Войти на БыковФМ через
Закрыть

Что символизируют голосующие на съезде китайцы в фильме Андрея Тарковского «Зеркало»?

Дмитрий Быков
>500

Я с Евгением Марголитом обсуждал, что означают там эти китайцы. Там сцена, где мальчик-блокадник провидит не только все прошлое зло и зверство мира, но и все будущее. И переход Ле Мана, и испанскую войну — вот эти дирижабли, и будущие зверства, весь кошмар двадцатого века ему является, когда он птицу там выпускает или берёт, точнее, в руки (птицу, которую выпускает автор в финале). Я не знаю, что это означает. Отпускает ли он свою душу, умирает ли он, отпускает ли он свое воображение на волю, как раскрепощают речь мальчика в начале. Это символ очень многозначный.

Так вот, о китайцах. Когда неожиданно получил в «Собеседнике» предложение из тех, от которых не отказываются. У нас есть сейчас такое приложение ежемесячное о людях, которые изменили мир — «Люди, на которых держится мир». И неожиданно вот главный наш, Юрий Пилипенко, мне предложил написать Мао Цзэдуна. И я тогда не понял логики этого предложения, хотя, конечно, за него ухватился. И я стал по это дело пересматривать советские фильмы о маоизме.

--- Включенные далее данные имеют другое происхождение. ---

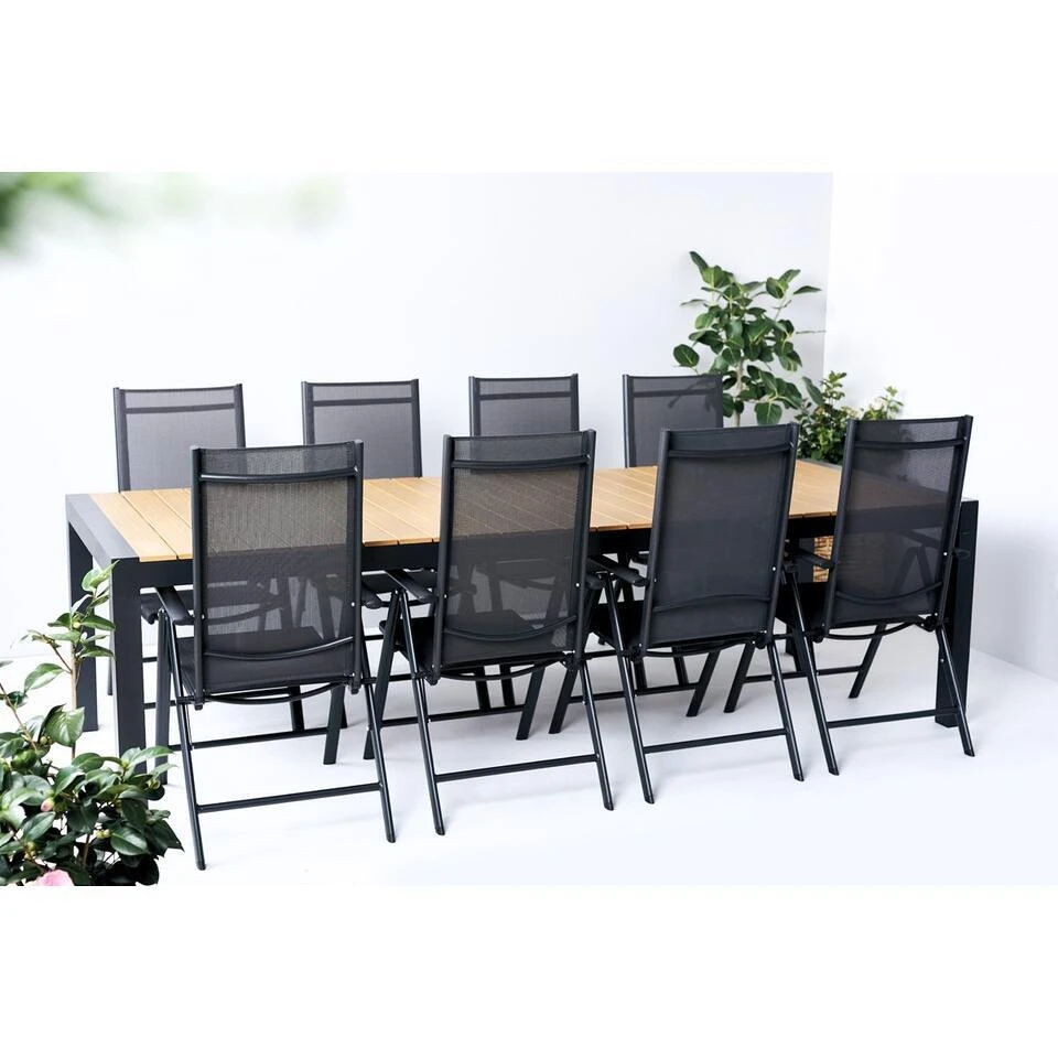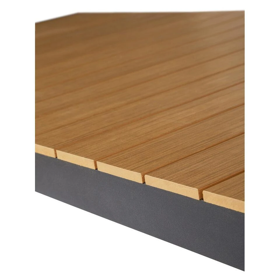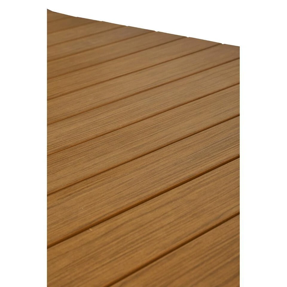 Schuif de tafel uit als je mensen over de vloer hebt, en klap de tafel weer in zodra je iets meer ruimte op het terras wil. De Stef tuintafel heeft een frame van zwart gepoedercoat aluminium en een tafelblad gemaakt van polywood latjes. Polywood is een duurzame kunststof maar heeft de uitstraling van hout, waardoor je een mooie houtlook tafel hebt. De onderkant van het tafelblad is 67 centimeter hoog. Het verlengstuk van de tafel heeft een lengte van 69,5 centimeter waardoor de tafel tot 275 centimeter te verlengen is. Door het uitschuifbare frame kan het verlengstuk aan het uiteinde van de tafel worden bevestigd. Let op: laat glazen niet te lang in de zon staan op een polywood tafel. Hierdoor kan een vergrootglaseffect optreden waardoor er smeltplekken ontstaan op het tafelblad. Ook hete voorwerpen zoals pannen kunnen niet direct op het tafelblad worden geplaatst.
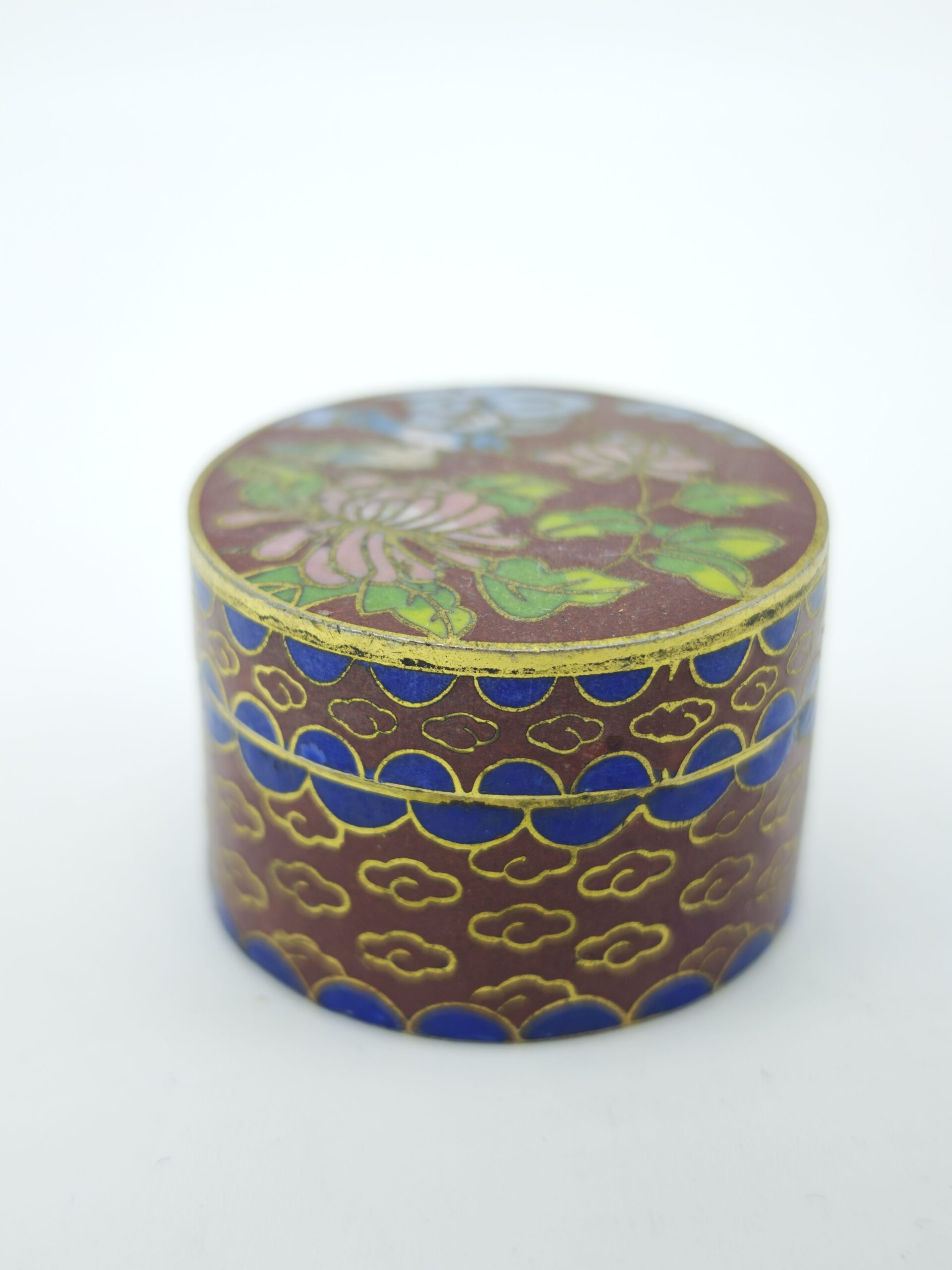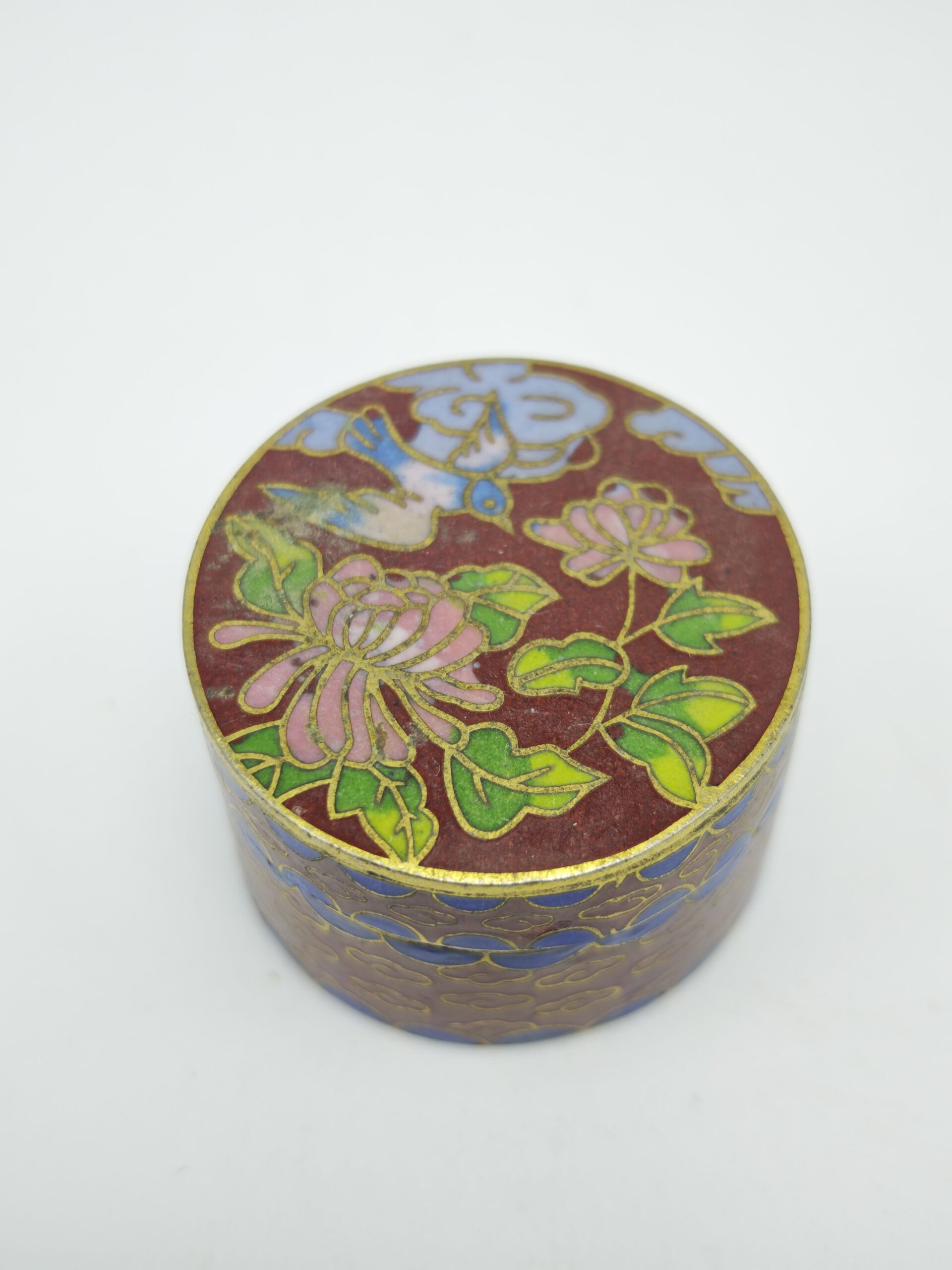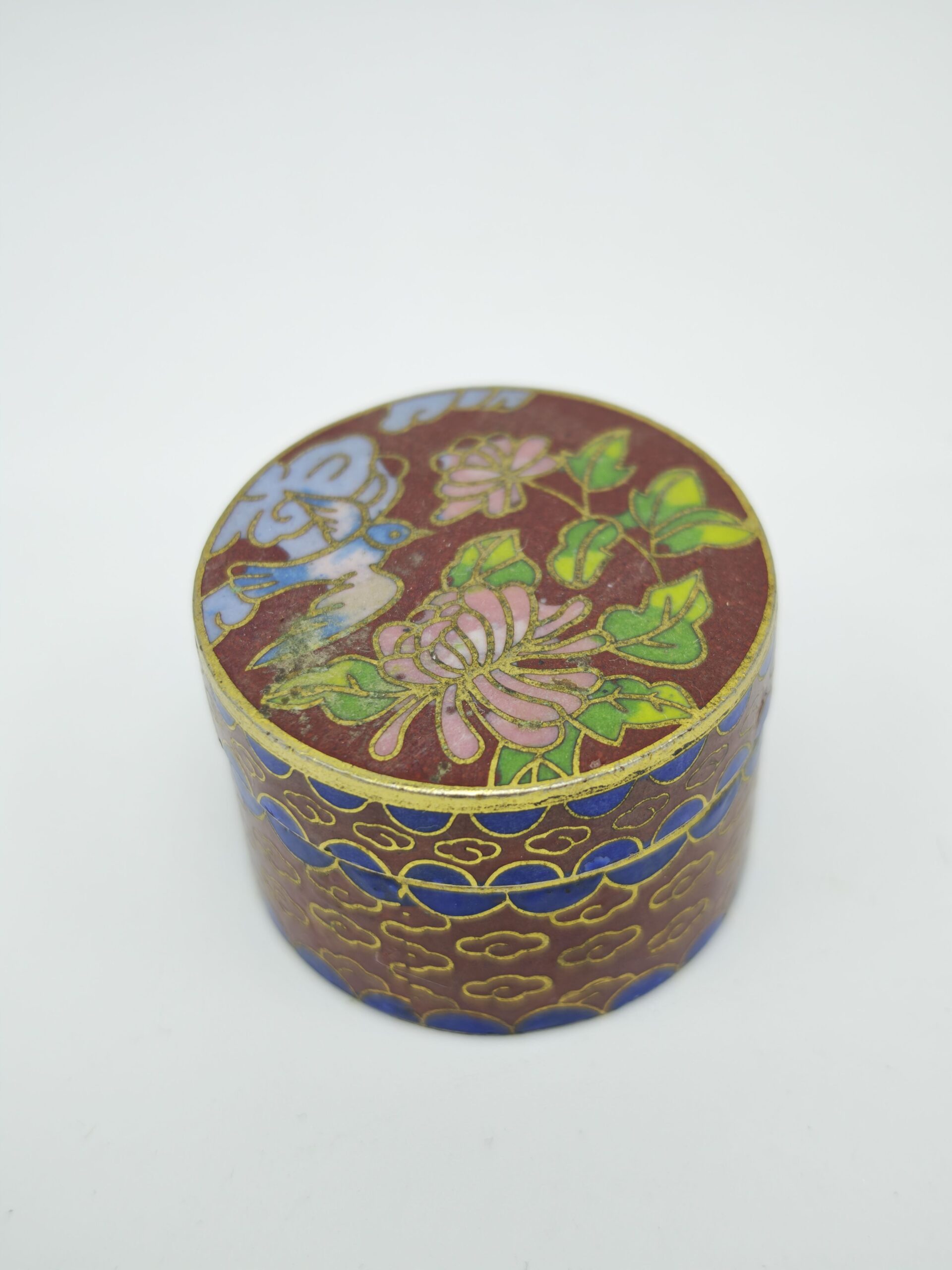 Винтажная шкатулка таблетница. Эмаль клуазоне. 1950-1970 гг. Диаметр 3.5 см. Высота 2.5 см Крышка не закручивается Состояние отличное

«Маоизм — трагедия Китая», «Осторожно! Маоизм!», «Ночь над Китаем»,— большинство их сделал Александр Медведкин, великий кинематографист между прочим, режиссер положенной на полку «Новой Москвы», режиссер странного, такого гротескного фильма «Счастье» — такого лубка, с первой цветной сценой… с одной из первых. И вот я на что обратил внимание. Когда Медведкин там, в авторском тексте, разоблачает маоизм,— мало того, что это звучит как прямое разоблачение сталинизма — это звучит как прямое описание сегодняшней России: милитаристский психоз, чувство осажденной крепости, попытка вырастить хунвейбинов, разумеется, культ войны в противовес былому культу мира, и то отношение к Советскому Союзу, которое сейчас характерно для наших отношений к Америке. Ведь Советский Союз очень много помогал Китаю, так же, как Америка порывалась нам помогать в 90-е годы. Разговоры о том, что это была не помощь, а вредительство. Что Советский Союз посылал плохую технику, и сейчас об этом говорят, что, мол, Америка посылала плохие «ножки Буша». Масса общего!

И вдруг это навело меня на такой странный оптимистический вывод: а вдруг после вот этого периода у нас наступит тоже такое китайское экономическое чудо? «Но шансы невелики»,— вдруг подумал я. И вот здесь мне пришла в голову крамольная мысль, которую я пытался в этой статье как-то изложить (собственно, ради нее я и взялся, потому что если я не найду какой-то личный угол зрения, то, наверное, не стоит браться за текст). Но я предупреждаю, что эта мысль может вызвать у кого-то очень резко неприятие. Меня интересует вопрос: в какой степени можно Мао Цзэдуна назвать творцом китайского экономического чуда, которое наступило после Мао?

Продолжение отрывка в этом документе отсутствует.